• _WORK INSTRUCTION_
Although the data holds pictures, return only the lines from the one containing "Figure F1. Natural" to the end, exactly, and without them.

[Records contained in a dataset]
((
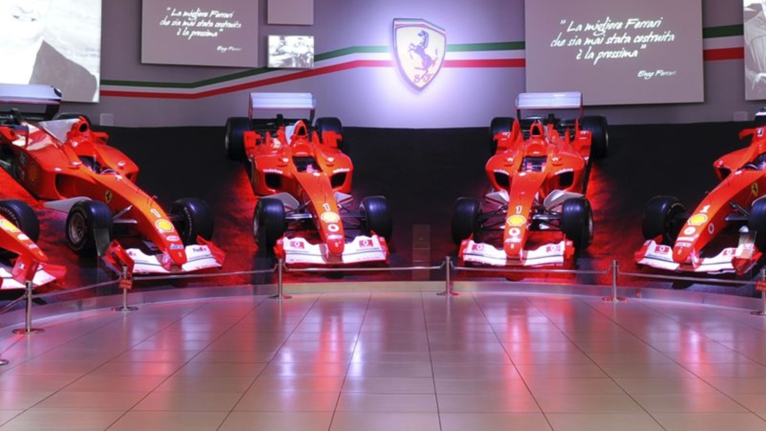 走进沉浸式显示屏,展示法拉利在一级方程式赛车历史和锦标赛中的统治地位
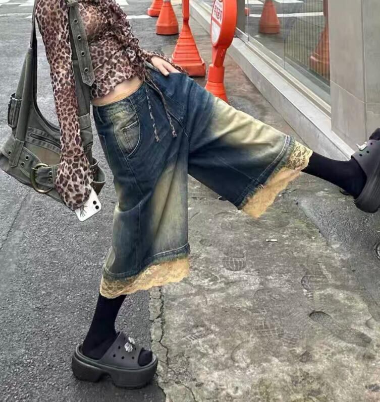 ズボン パンツ デニム ジーンズ 七分丈 ワイドパンツ レイヤード レディースボトムス
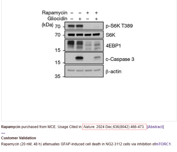 基础机制验证:作为阳性对照试剂,用于筛选新型 mTOR 抑制剂或验证通路抑制剂的特异性。
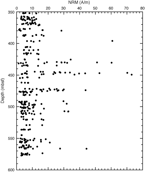 Figure F1. Natural remanent magnetization (NRM) of basalt samples, Hole U1301B.
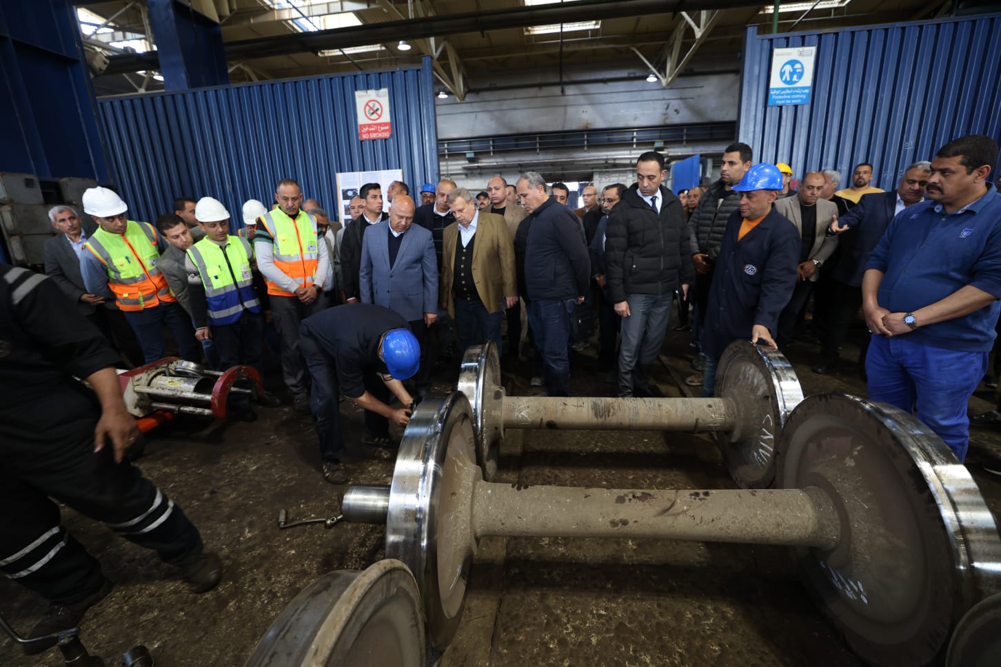 وكان في استقباله المهندس وجدي رضوان نائب وزير النقل لشؤون السكك الحديدية والجر الكهربائي، والمهندس محمد عامر رئيس الهيئة القومية لسكك حديد مصر، وعدد من قيادات الهيئة. وشملت الجولة المرور على الأقسام المختلفة داخل الورشة، التي تُعد إحدى القلاع الصناعية المتخصصة في تنفيذ العمرات بأنواعها المختلفة لعربات نقل البضائع، بمتوسط إنتاجية يصل إلى نحو 150 عربة شهريًا، إلى جانب تنفيذ أعمال الصيانة والإصلاح للأعطال الجسيمة والطارئة الخاصة بالعربات.
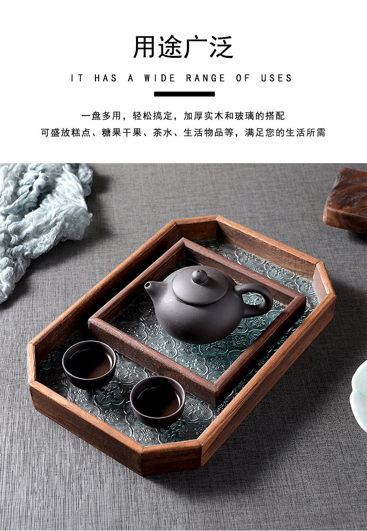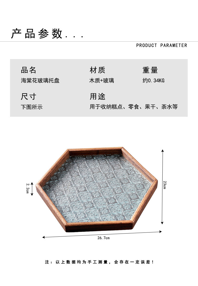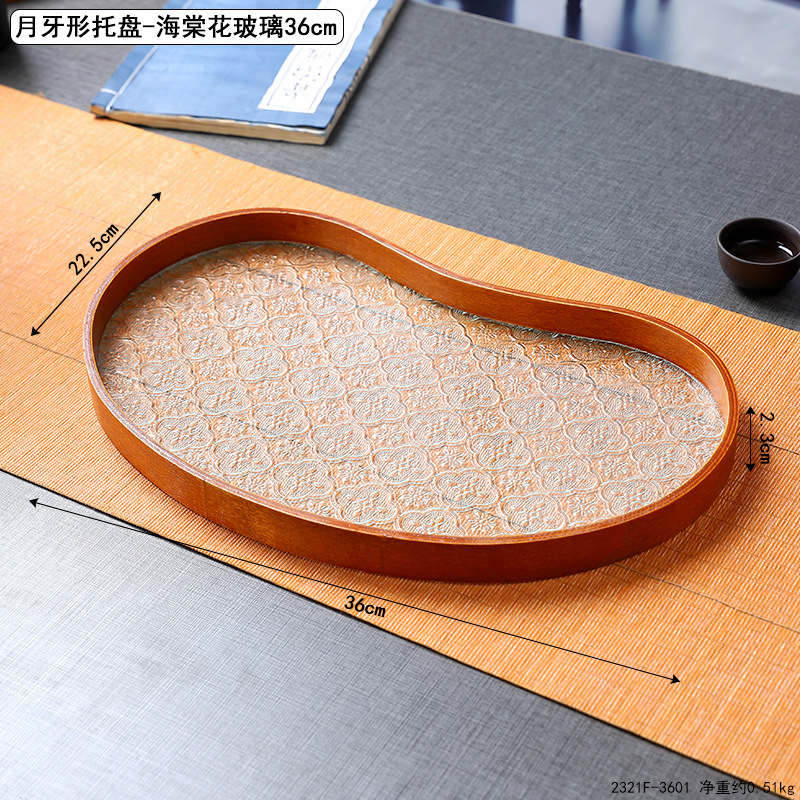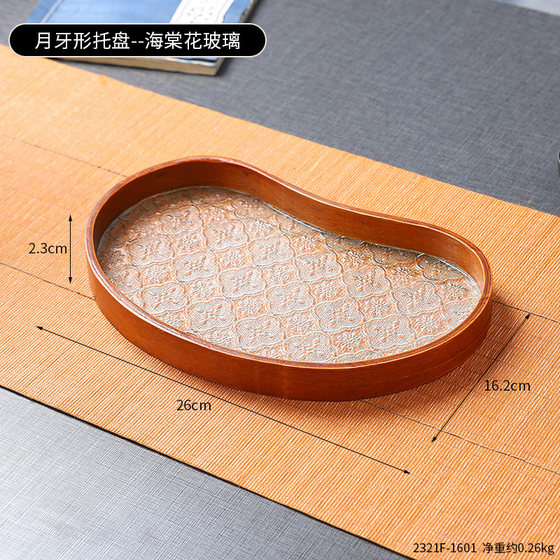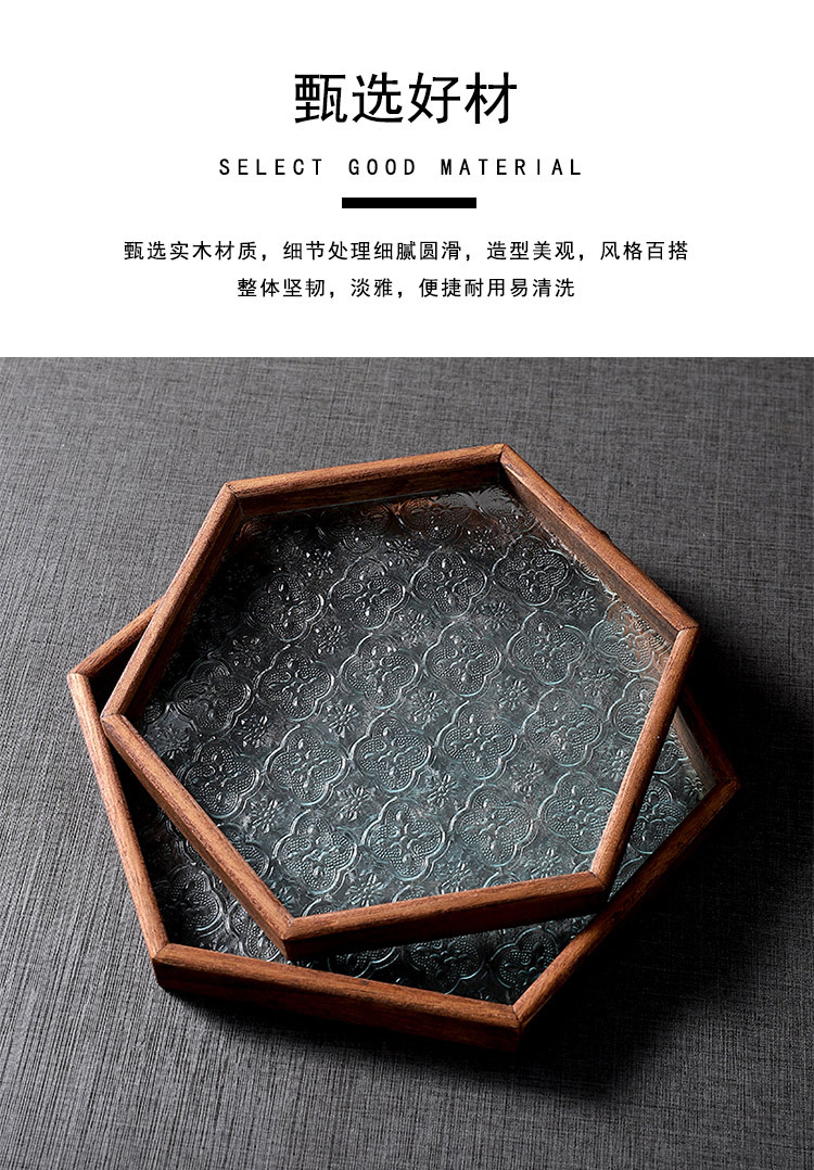 다각형 베고니아 꽃 유리 트레이 새로운 중국 마름모 차 트레이 솔리드 우드 디쉬 포인트 다도 세트 저장 트레이
))
• _OUTPUT FOR THIS TASK_
 Figure F1. Natural remanent magnetization (NRM) of basalt samples, Hole U1301B.
 وكان في استقباله المهندس وجدي رضوان نائب وزير النقل لشؤون السكك الحديدية والجر الكهربائي، والمهندس محمد عامر رئيس الهيئة القومية لسكك حديد مصر، وعدد من قيادات الهيئة. وشملت الجولة المرور على الأقسام المختلفة داخل الورشة، التي تُعد إحدى القلاع الصناعية المتخصصة في تنفيذ العمرات بأنواعها المختلفة لعربات نقل البضائع، بمتوسط إنتاجية يصل إلى نحو 150 عربة شهريًا، إلى جانب تنفيذ أعمال الصيانة والإصلاح للأعطال الجسيمة والطارئة الخاصة بالعربات.
 다각형 베고니아 꽃 유리 트레이 새로운 중국 마름모 차 트레이 솔리드 우드 디쉬 포인트 다도 세트 저장 트레이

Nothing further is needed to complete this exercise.